Problem requirements: For this exercise, return exactly the lines of the material below that begin at the one with "A bald man makes" and stop after the one with "Kadın Uzun Kollu".
[Given records — start]
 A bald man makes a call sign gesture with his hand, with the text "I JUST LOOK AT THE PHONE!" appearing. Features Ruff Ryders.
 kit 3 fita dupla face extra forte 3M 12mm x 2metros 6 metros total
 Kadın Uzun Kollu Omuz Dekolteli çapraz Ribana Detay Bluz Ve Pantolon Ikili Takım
[Given records — finish]
[Given records — start]
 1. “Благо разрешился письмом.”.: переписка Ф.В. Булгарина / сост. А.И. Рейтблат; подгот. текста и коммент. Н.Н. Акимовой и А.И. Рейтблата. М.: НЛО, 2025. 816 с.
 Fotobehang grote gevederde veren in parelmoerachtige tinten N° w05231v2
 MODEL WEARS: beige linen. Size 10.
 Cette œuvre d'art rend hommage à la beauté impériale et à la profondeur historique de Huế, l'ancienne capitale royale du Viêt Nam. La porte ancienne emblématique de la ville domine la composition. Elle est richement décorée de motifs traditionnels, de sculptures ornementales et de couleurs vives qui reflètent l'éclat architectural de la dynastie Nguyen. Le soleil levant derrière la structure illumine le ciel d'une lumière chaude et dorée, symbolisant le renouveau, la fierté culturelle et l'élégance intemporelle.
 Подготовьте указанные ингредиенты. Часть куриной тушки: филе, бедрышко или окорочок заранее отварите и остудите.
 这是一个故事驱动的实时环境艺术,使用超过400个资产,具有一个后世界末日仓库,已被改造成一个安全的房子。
[Given records — finish]
[Given records — start]
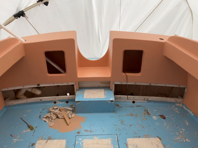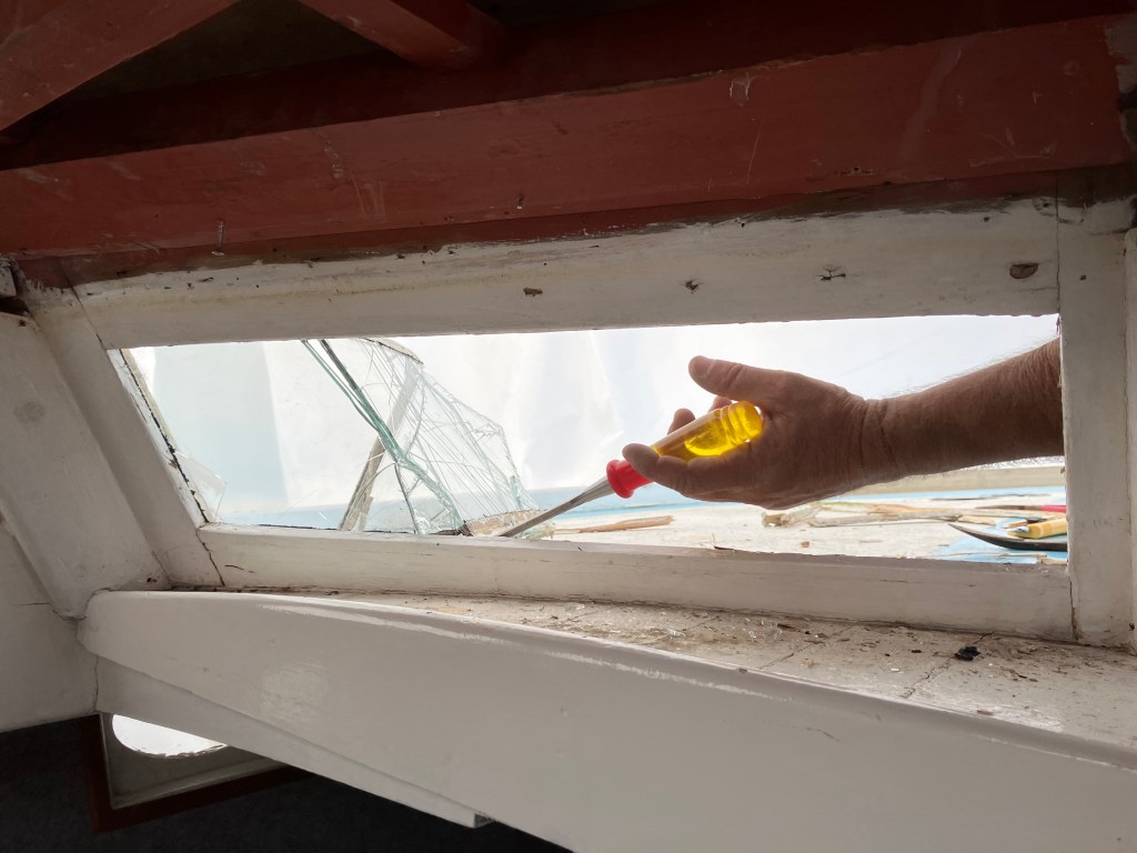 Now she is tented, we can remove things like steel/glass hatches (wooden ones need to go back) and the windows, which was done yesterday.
[Given records — finish]
Written answer:
 A bald man makes a call sign gesture with his hand, with the text "I JUST LOOK AT THE PHONE!" appearing. Features Ruff Ryders.
 kit 3 fita dupla face extra forte 3M 12mm x 2metros 6 metros total
 Kadın Uzun Kollu Omuz Dekolteli çapraz Ribana Detay Bluz Ve Pantolon Ikili Takım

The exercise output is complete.